Grand Kyoto Coronation Exposition, Kyoto, 1928.

“Preparations had already begun for the coronation of the Emperor.

“…As in the case of the coronation of King George the Fifth of England, there was an unprecedented study of ancient forms and usages, with a view to carrying out the ceremony upon a more magnificent scale than had ever been seen before.

“The preparations were elaborate, and while even to a Western eye they were not lacking in a strange grandeur, their prodigious cost was probably their most impressive feature.

“Special Grand Military Maneuvers” commemorative postcard, Emperor Taisho, Osaka, 1914.

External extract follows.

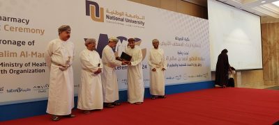 مشيرا إلى أن كلية الصيدلة قد عززت من قائمة ارتباطها التدريبي داخل وخارج سلطنة عُمان ، وأعرب عن شكره لجميع الجهات الراعية وذات الصلة الأخرى من القطاعين الحكومي والخاص على الدعم المستمر لبرامج الصيدلة.
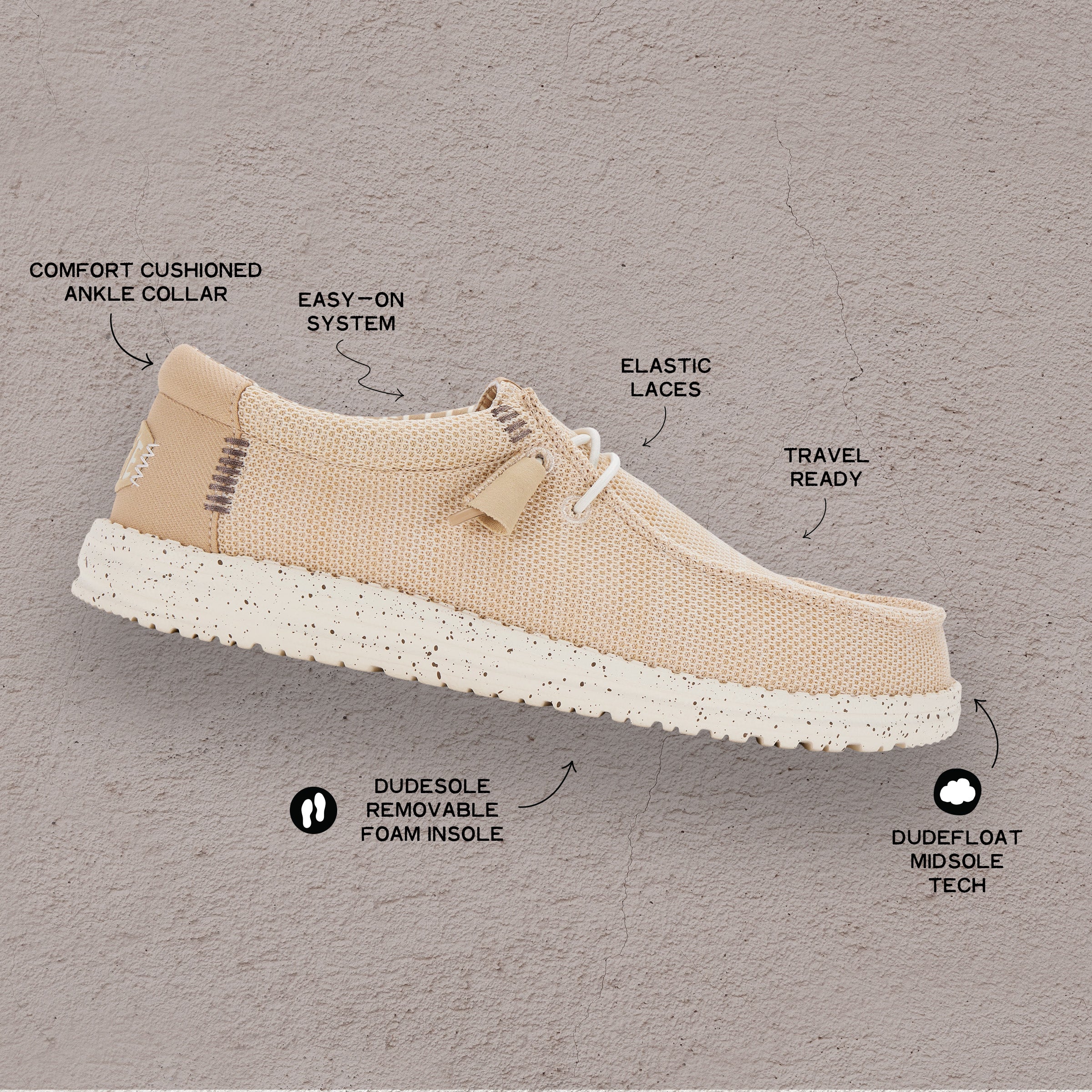 Muévete con libertad con Wally Stretch. Con la construcción clásica de HEYDUDE™, parte superior de malla elástica y cordones elásticos, estas zapatillas combinan facilidad para calzarlas, comodidad y ligereza de pies a cabeza. Lúcelo con un estilo que se adapta perfectamente a tu pie.

“When the Emperor left the Palace in Tokyo on November 6th, with a great procession , to travel down to Kyoto , he wore the uniform of generalissimo of the forces, and had a military escort; but in the procession was carried the family ark or shrine, the kashikodokoro, containing the Three Sacred Treasures — the Mirror, the Jewel, and the Sword, traditionally handed down from the times of Amaterasu, the Sun Goddess, ancestress of the Imperial House, to whom is dedicated the Grand Shrine at Ise.

“… The public ceremony of an imperial procession through the city was held on the 10th, and never in history had there been so many people in the old capital. An imperial procession in Japan has special peculiarities.

“Much attention is paid to physical altitude as implying social elevation … To sit on the floor before a superior is more respectful than to stand. Hence, when majesty rides through the street , all upper stories offer to the gaze only the blank stare of wooden shutter.

“Even a doorstep is an improper elevation; and tens of thousands of the Emperor’s loyal subjects sat on their heels in respectful silence on the matting which had been spread on the roads, and even bowed their heads, hardly daring to look, when the Emperor passed, the high-priest of an ancient faith, in a modern closed carriage.”

In Japan in Recent Times: 1912-1926, by A. Morgan Young, 1929

Decorated streetcar, Emperor Taisho enthronement commemorative postcard, unknown artist, 1915.